Accuracy = \frac{TP}{TP + FP + FN}

(3)

Precision = \frac{TP}{TP + FP}

(4)

Recall / Sensitivity = \frac{TP}{TP + FN}

(5)

F 1 - Score / Dice - Score = 2 \times \frac{(Precision \times Recall)}{(Precision + Recall)}

(6)

After defining other metrics, Average Precision (AP) and mean AP (mAP) were calculated. Both metrics were calculated based on precision-recall calculation metrics. The precision-recall curve can be plotted graphically into a 2D graph, where X-axis denotes the recall and Y-axis represents the precision range [0, 1]. AP for predicted class can be calculated by finding precision-recall Area Under the Curve (AUC). Based on the AP value, mAP value can be calculated by taking average AP of both kidney classes. In each round, precision and recall were calculated as given in Equations (4) and (5) with IoU threshold set to be 0.5. Then AP and mAP values were computed. These procedures were carried out until k-rounds were completed.

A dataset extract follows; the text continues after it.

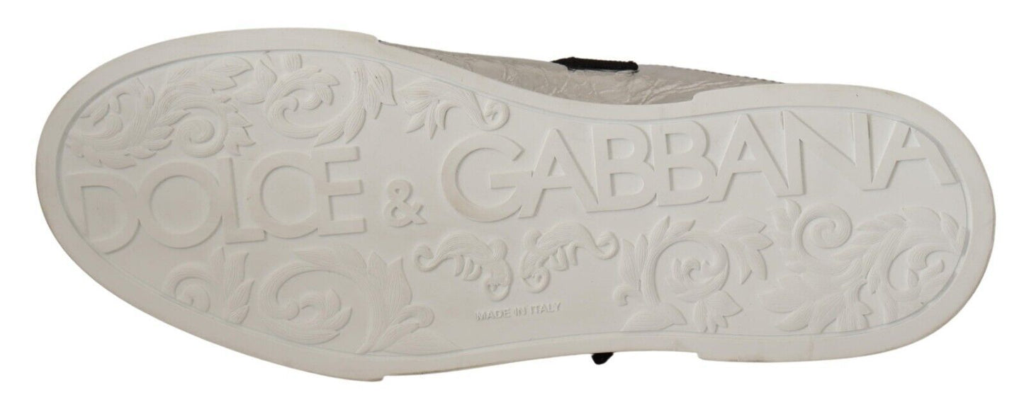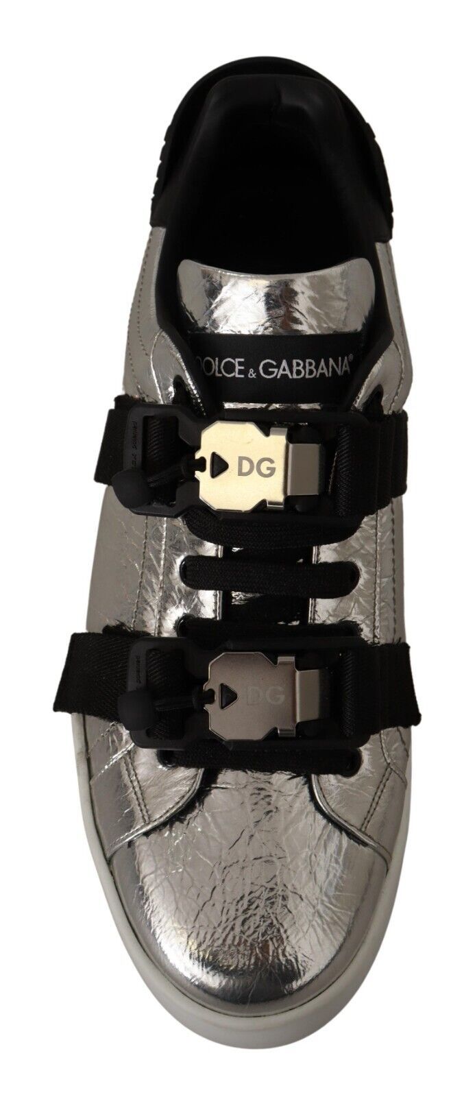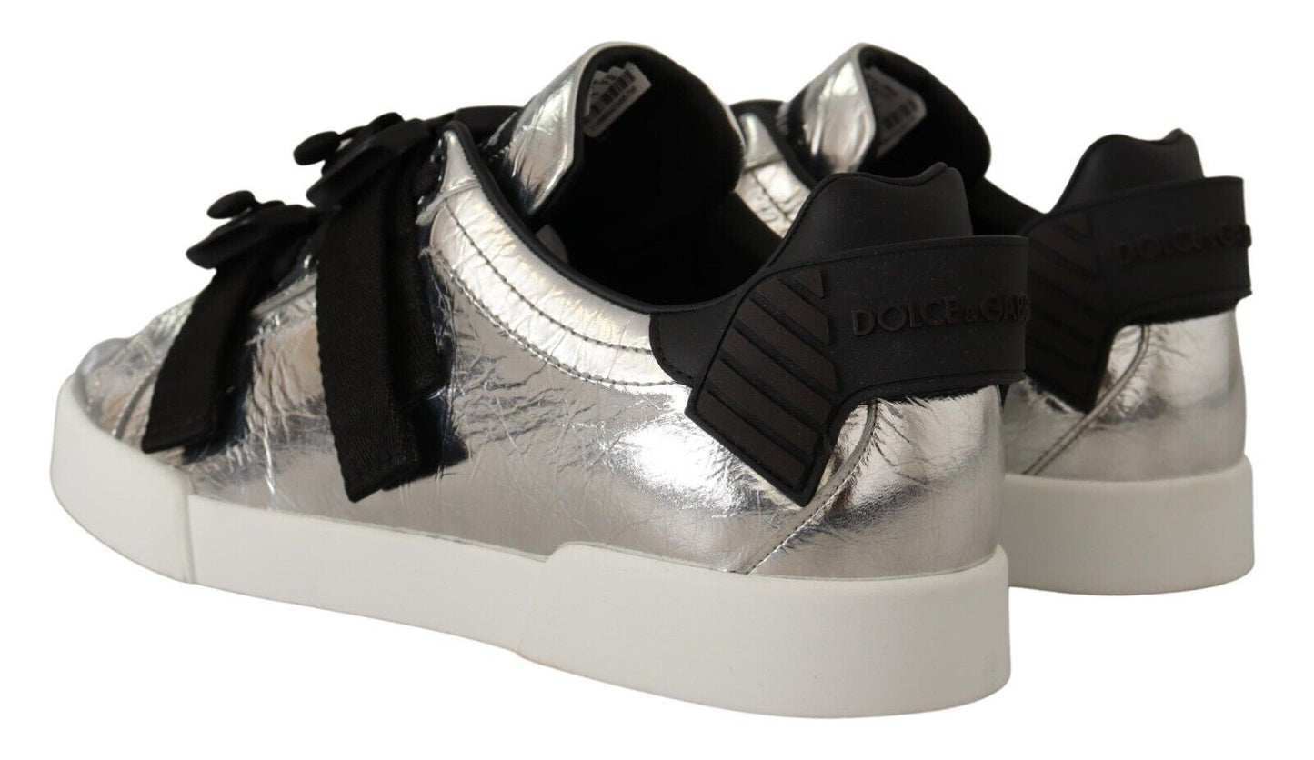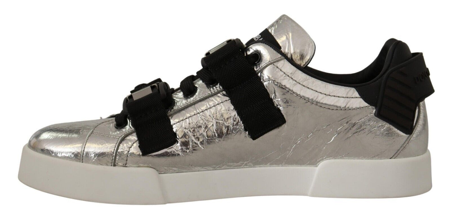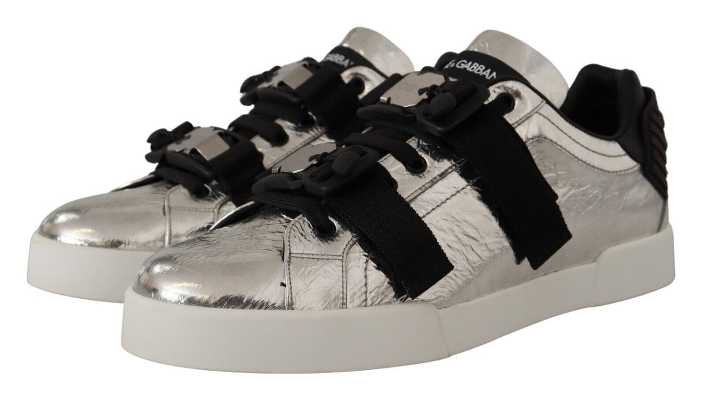 Step into luxury and style with these 100% Authentic sneakers from Dolce & Gabbana. These black and silver low top casual sneakers are a testament to Italian craftsmanship, perfect for adding a touch of elegance to your footwear collection. The sleek leather construction pairs with a lace and buckle strap closure for a secure and stylish fit. Finished with the iconic logo detail and set on a durable rubber sole, they are as practical as they are fashionable. A must-have for any fashion-forward individual.

2.6. Evaluation Procedures

Firstly, we performed image-wise testing and evaluation on our fine-tuned ADPKD detection model using k-fold cross-validation technique. Secondly, we conducted subject-wise testing. Both testing evaluations were carried out by comparing our method with other well-established DL pre-trained object detection models including CNN backbones, which have been adopted in similar current approaches for pneumonia detection in chest X-ray [28] and for malignant pulmonary nodule detection in CT scans [29]. These models and backbones were SSD Inception V2, Faster-RCNN, ResNet, and MobiNet. Alongside, we included DL object detection models, which have been trained using large-scale datasets including COCO, Kitti, Open Image, etc., developed by TensorFlow [30]. Correspondingly, we selected models such as original SSD Inception V2, SSD MobileNet V1, Faster R-CNN NAS, Faster R-CNN Inception ResNet V2, and R-FCN ResNet 101. We trained all selected pre-trained models by partitioning the data set as given in Section 2.3.2 and evaluated using k-fold cross validation techniques as given in Section 2.3.6.

3. Results

3.1. Evaluation Results of Image-Wise Testing

We conducted the experiments on image-wise testing, and compared the results with other detection architectures as shown in Table 2. It was observed that our model achieved the highest performance in various evaluation metrics with an accuracy of 0.90 for right and 0.91 for left kidney. It was also found that our model outperformed over other architectures with an optimal confidence F1-Score of 0.86 for right kidney and 0.88 for left kidney.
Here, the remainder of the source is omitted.